Slideshow: Great Italian Recipes
4 garlic cloves
1 1/3 cups dry white wine
1 pound sweet Italian sausage, casings removed
1 teaspoon ground fennel
1/2 teaspoon coarsely ground black pepper
1/2 teaspoon crushed red pepper
1/4 cup extra-virgin olive oil
1 small onion, finely chopped
1 small carrot, finely chopped
1 celery rib, finely chopped
One 28-ounce can plus one 14-ounce can whole peeled tomatoes, crushed, with
1 pound spaghetti
1/2 cup freshly grated Parmigiano-Reggiano cheese
1/4 cup chopped basil
1/4 cup chopped flat-leaf parsley
How to Make It
In a blender, puree the garlic with 1/3 cup of the white wine. Transfer the mixture to a medium bowl. Add the sausage, fennel, black pepper and crushed red pepper and knead lightly to combine. Cover with plastic and refrigerate overnight.

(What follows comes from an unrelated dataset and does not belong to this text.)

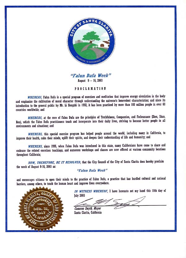鉴于,自从1995年法轮大法被介绍到本州以来,许多加利福尼亚人加入和接纳了相关的教功活动,现在在遍及加利福尼亚的许多社区内提供众多的研讨会和教功讲座班;

In a large, deep skillet, heat the olive oil. Add the sausage mixture and cook over high heat, breaking up lumps with a spoon, until lightly browned, 6 to 7 minutes. Add the onion, carrot and celery and cook over high heat, stirring frequently, until softened, about 4 minutes. Add the remaining 1 cup of wine and cook, scraping up any browned bits, until nearly evaporated, about 5 minutes. Add the crushed tomatoes and their juices to the pan and season lightly with salt. Simmer over low heat, stirring occasionally, until thickened and reduced to about 5 cups, about 40 minutes.
In a large pot of boiling salted water, cook the spaghetti until just al dente. Drain, reserving 1/2 cup of the cooking water. Add the pasta to the sauce and toss with the grated cheese, basil and parsley. Add the reserved cooking water and toss the pasta over moderately high heat, until nicely coated, about 2 minutes. Serve immediately.